FDP Barbecue Welcome to #FACTUAL FRIDAY everyone! Today, I’ve got a tip to make your BBQ not only tasty, but a bit healthier as well!

Remember our earlier discussions about the problems of cooking meats at high temperatures? Grilling, broiling and frying are all methods we use commonly to cook our dinners. But, all require high temperatures. And, when meat is cooked at these high temperatures — above 375 degrees — a chemical reaction takes place.

You see, meats contain an amino acid known as creatinine. Now, when we place a burger or a steak on a very hot grill, for example, this creatinine breaks down — and forms chemicals called heterocyclic amines, or HCAs. While the impact of HCAs on human health has been studied for years, researchers now believe there is a definite link between these toxins and colon, stomach, lung, pancreatic, breast and prostate cancers.
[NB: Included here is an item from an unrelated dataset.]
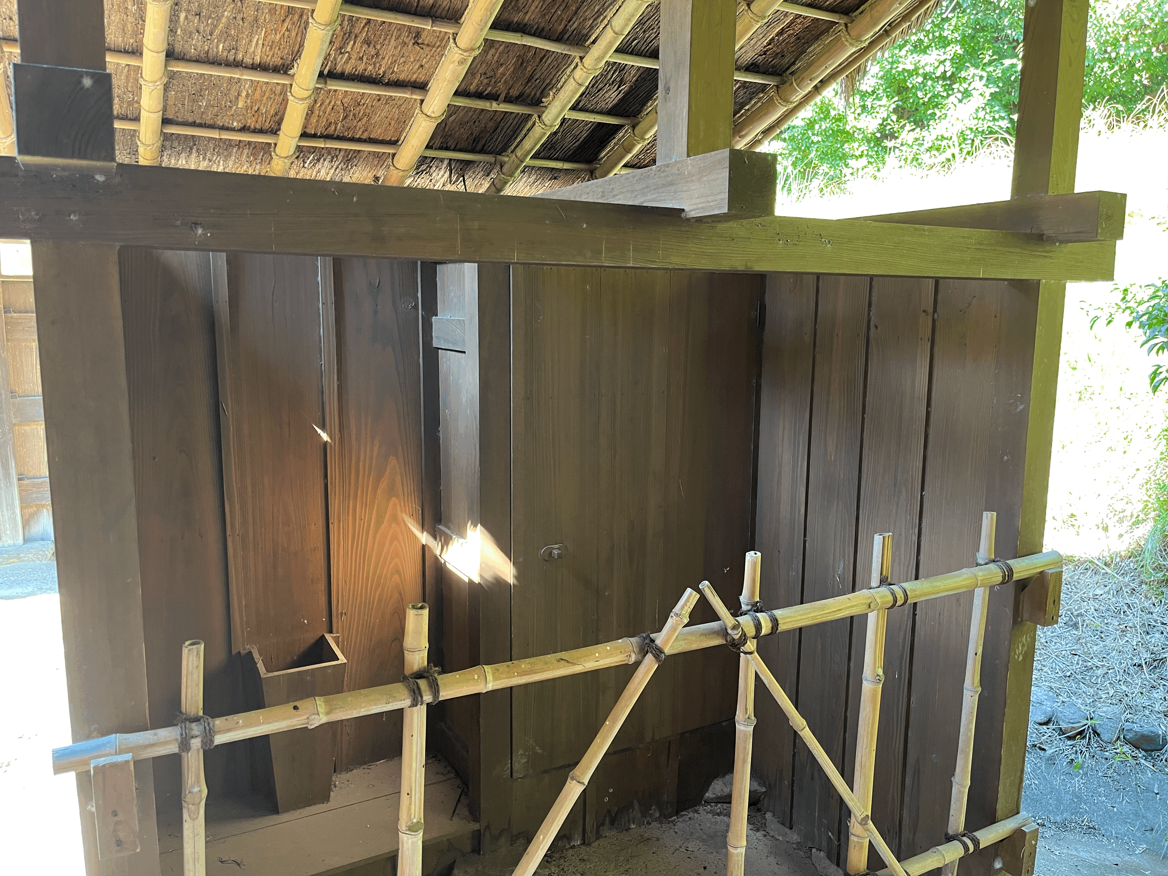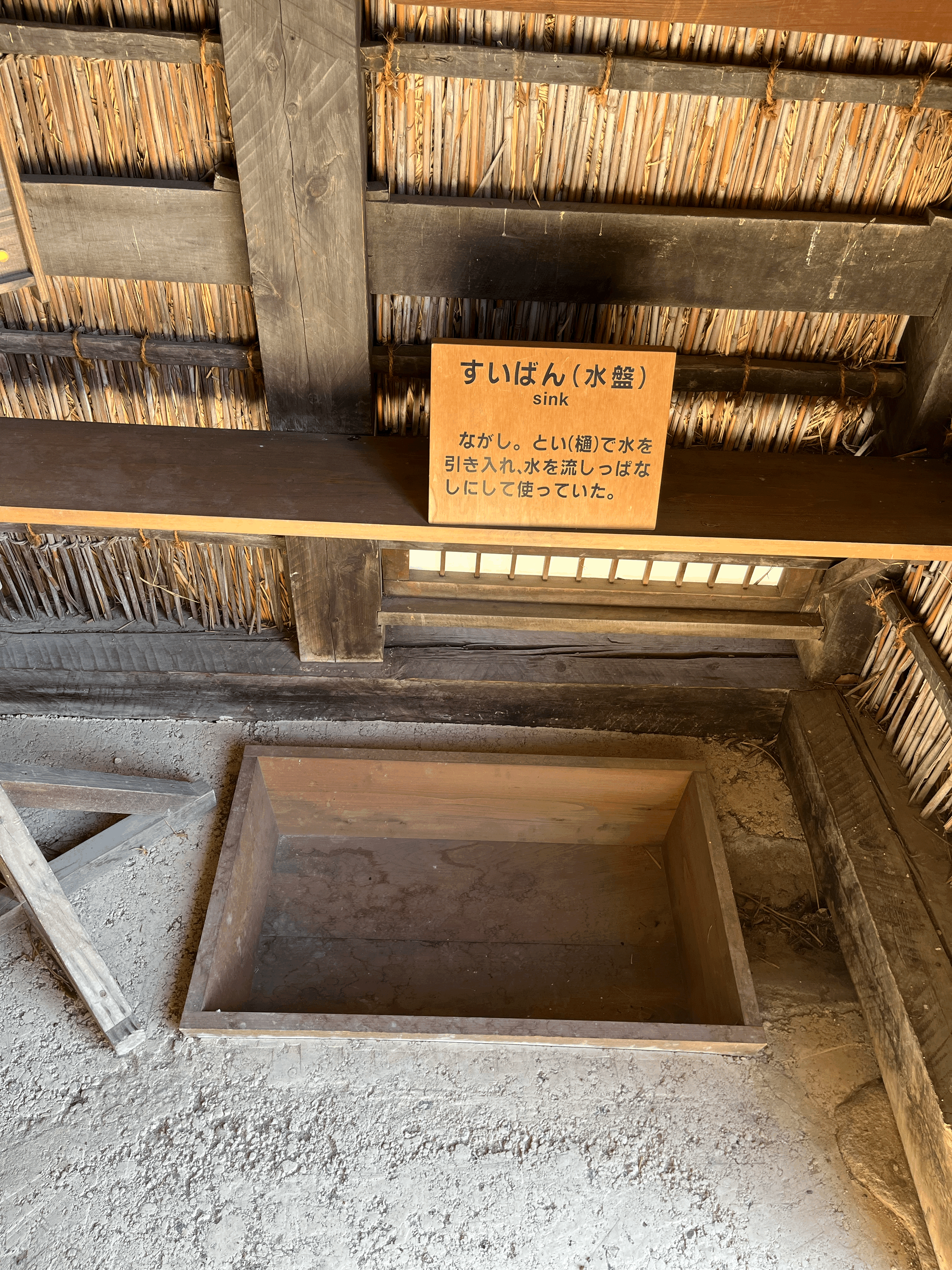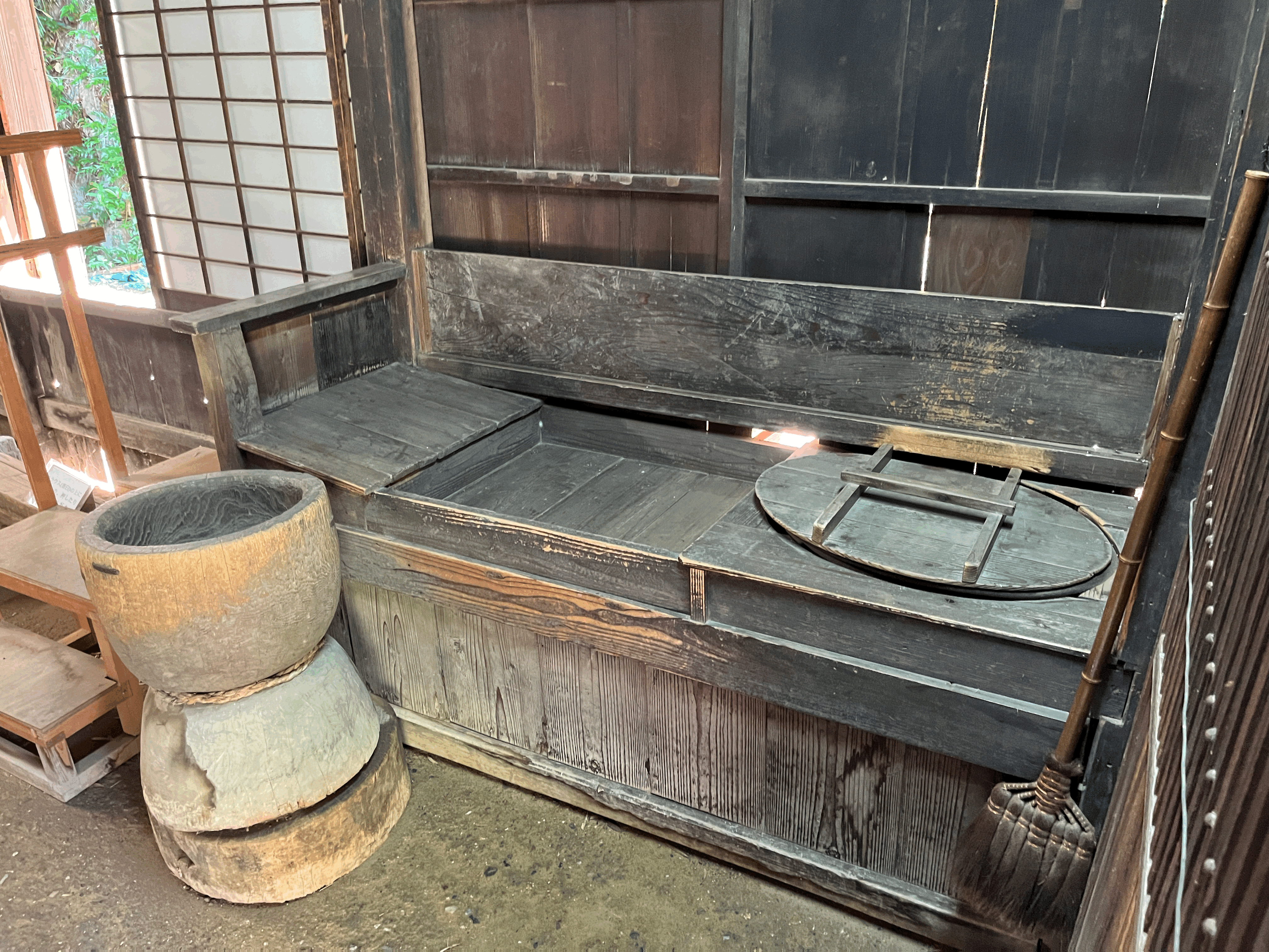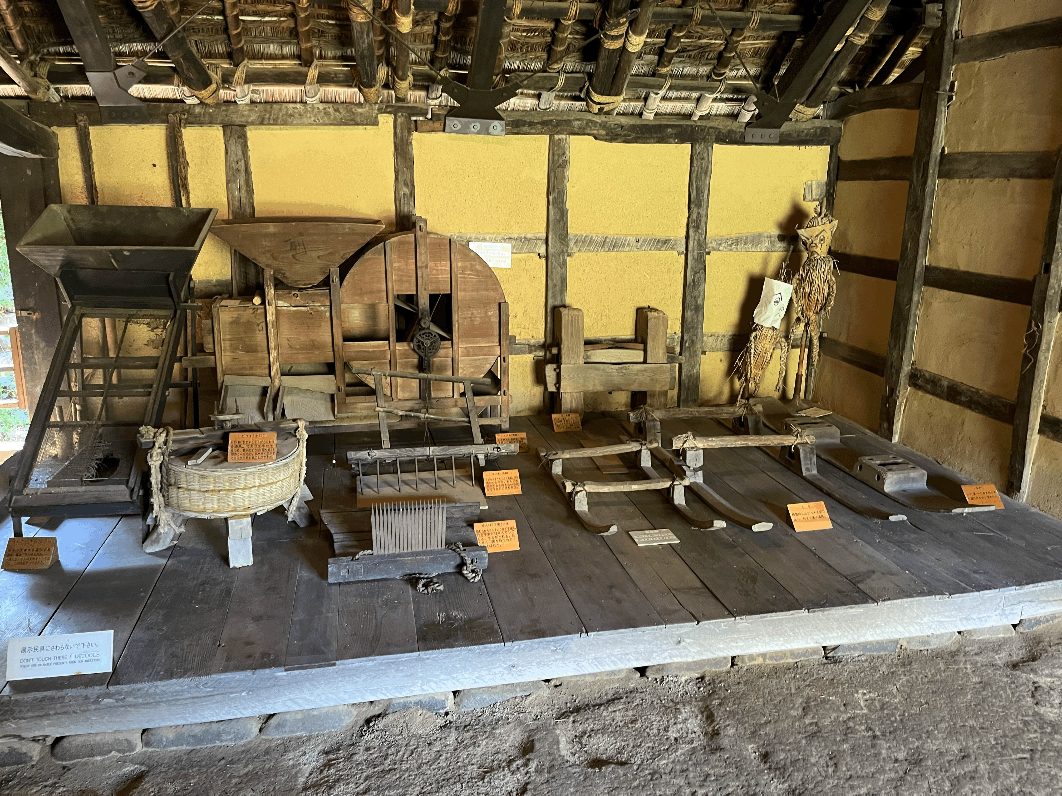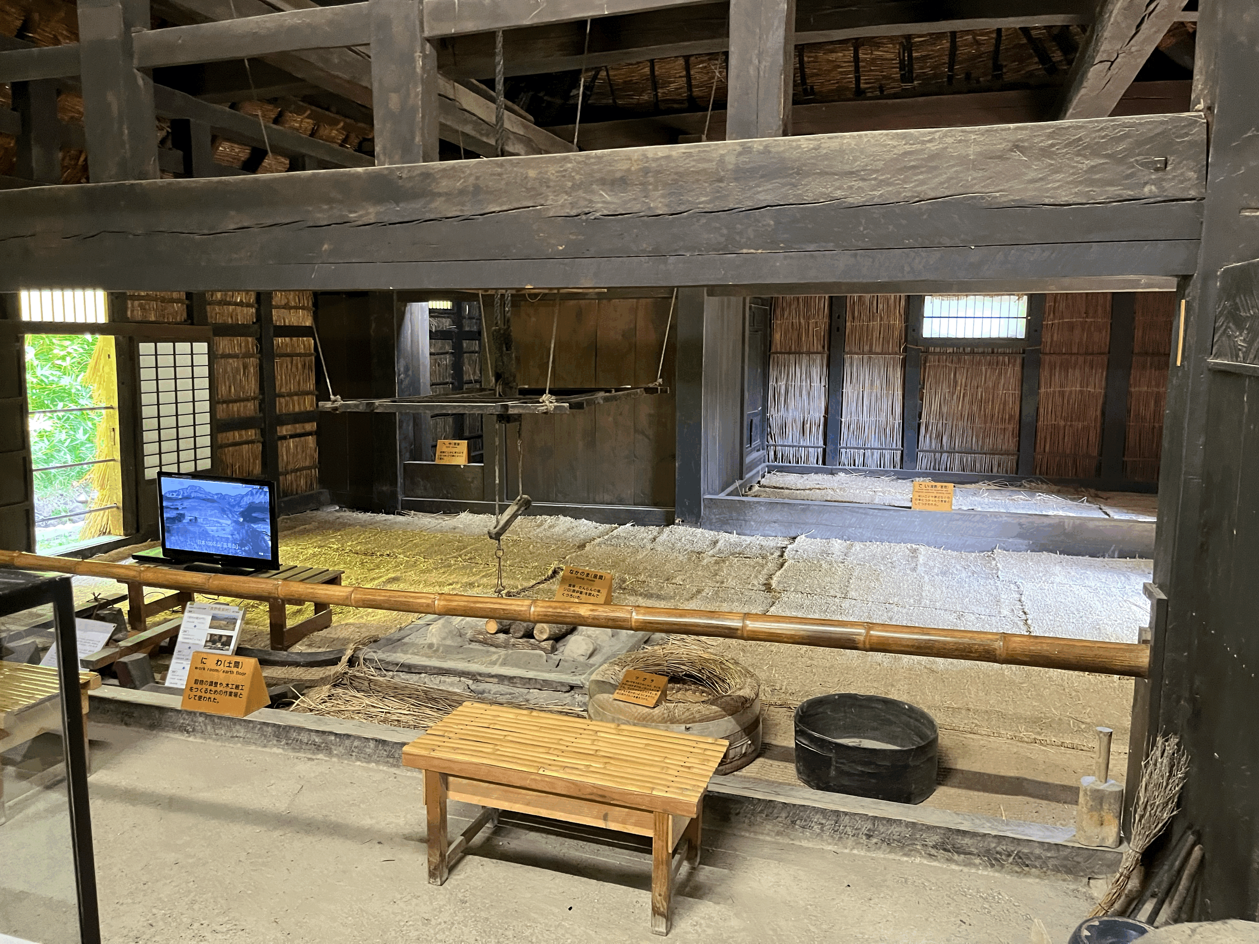 여기는 가장 왼쪽의 부엌 모습. 아궁이는 있지만 구들은 없다. 그냥 아궁이에 불을 때서 솥 같은 걸 걸고 바로 요리를 하는 구조. 천장도 무언가로 막지 않고 그냥 지붕까지 휑하게 뚫려 있다. 아마 보온보다 통기가 더 중요한 일본의 기후 특성 때문이겠지?

BUT — remember we also said that when these meats are marinated before cooking, the formation of HCAs can drop dramatically. And now, thanks to researchers at Kansas State University we may have an easy recipe for such a marinade!

It appears that certain spices are the key!  And, in this case, we’re talking about rosemary and a combination of turmeric, finger root and galangal, otherwise known as Thai Spice. All of these spices contain powerful antioxidants that block the formation of HCAs.

So, when we use a dry rub of rosemary on our beef before grilling it, we will cut the HCAs by 61 to 70 percent! And, when we use a Thai Spice combo as a dry rub, we’ll be cutting the HCAs by 40 to 42 percent! This is really great news — for not only are we protecting our health — but, we’re adding a lot of flavor to boot!

According to our friends at KSU it is important, however, to avoid using overly sweet marinades with high amounts of sugar. These, while being very tasty, can actually double or triple the HCA levels in our burger or steak.

So, this summer why not try dry-rubbing your BBQ before cooking it? It’s a method that works for fish and poultry as well. And, if you lower the heat just a bit and avoid eating the crunchy black parts of your dinner, you’ll go a long way in protecting your health while enjoying time with friends and family around the summer BBQ!